A bare datamanifest (no subcommand) prints the command list.

Set up and add data

init [--folder PATH] [--force]

Create a fresh datamanifest.toml in the current directory (or --folder PATH). --force overwrites an existing one.

add URI|DOI [--name N] [--pick GLOB] [--split] [--no-download] [--extract] [--lazy] [--overwrite]

Register and (by default) download a dataset. --name sets the entry name, --extract unpacks archives after download, --no-download registers only, --overwrite replaces an existing duplicate entry.

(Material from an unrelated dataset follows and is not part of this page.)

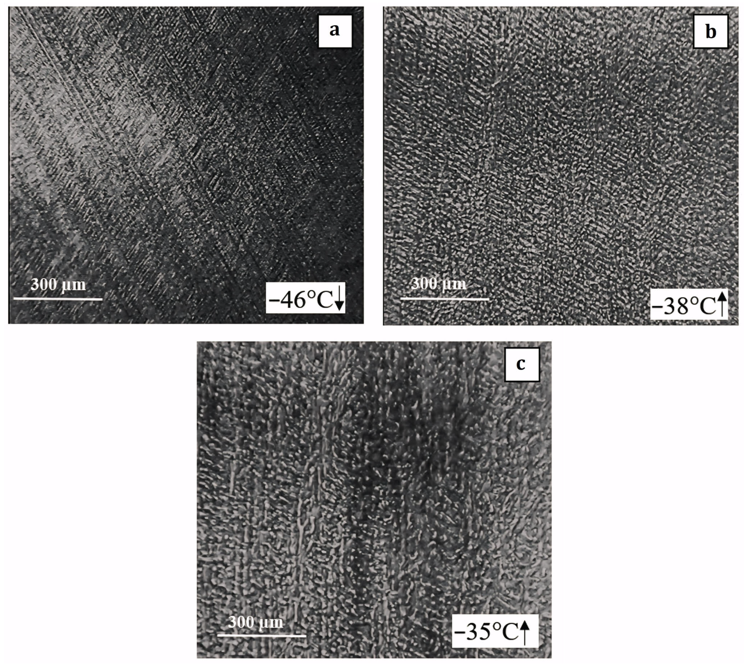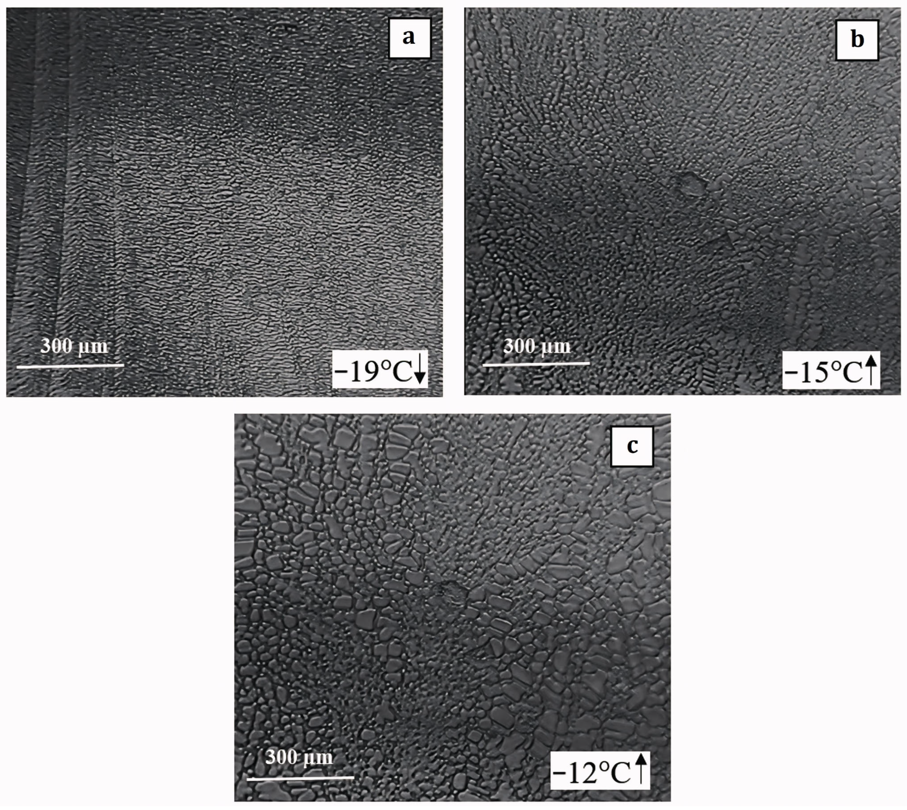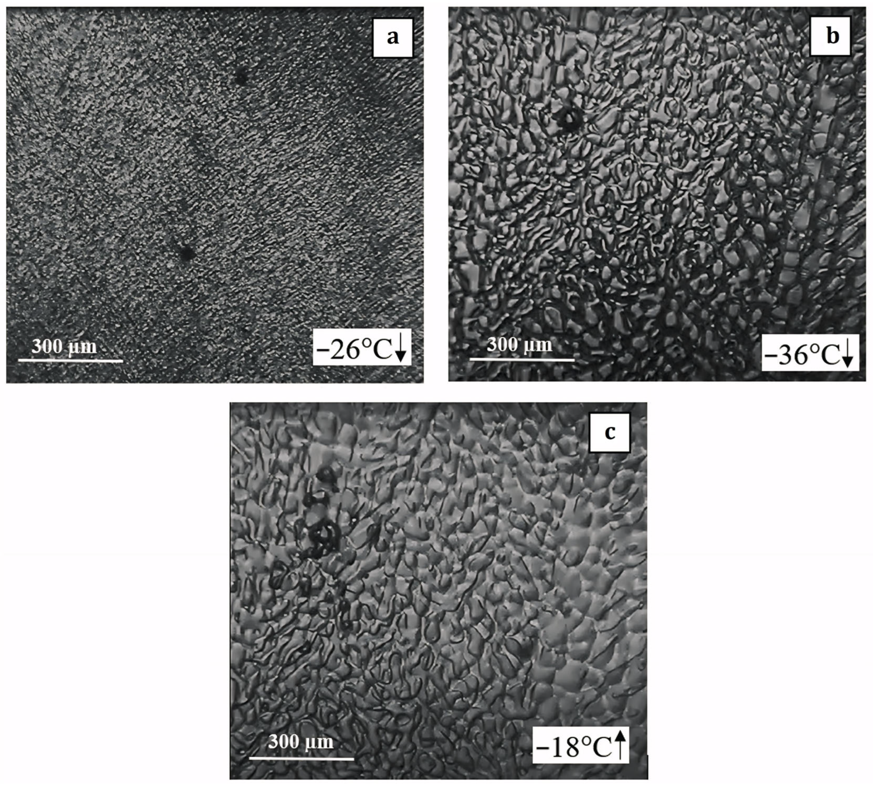 Cryomicroscopy observations strongly supported these calorimetric results. Media with elevated salinity formed fine-grained ice structures during cooling, which persisted during heating with only limited crystal coarsening. In contrast, media with lower effective salinity exhibited pronounced recrystallization during warming. Recrystallization is a key process governing structural evolution in frozen aqueous systems and depends strongly on solute concentration and molecular mobility within the residual liquid phase [

Two independent special forms:

  1. Zenodo — a DOI / record URL bundles the record's files into one uris= dataset (plain HTTPS; declare-only). --pick GLOB filters files (repeatable), --split makes one dataset per file instead, --name becomes a name prefix.
  2. --lazy — register an object-store URI (s3://, gs://, …) for lazy access instead of downloading: it sets lazy_access (a language-neutral marker) and a built-in Python fsspec loader, so load() opens it in place.

The two are unrelated (Zenodo serves HTTPS files; --lazy is for object stores).

import {pooch|csv|urls|intake|dvc} SOURCE [--base-url URL] [--cache-dir DIR] [--overwrite] [--dry-run]

Bulk-import datasets from another tool's catalog:

  • pooch — a registry file (filename [algo:]hash [url]); --base-url supplies pooch's base_url for lines without an explicit URL.
  • csv — a name,url,sha256 file.
  • urls — a plain URL list.
  • intake — a catalog.yml (each single-file urlpath source; needs the [yaml] extra).
  • dvc.dvc / dvc.lock files (uri from an import-url dep or the default remote's content-addressed path; .dvc/cache adopted by md5; [yaml] extra).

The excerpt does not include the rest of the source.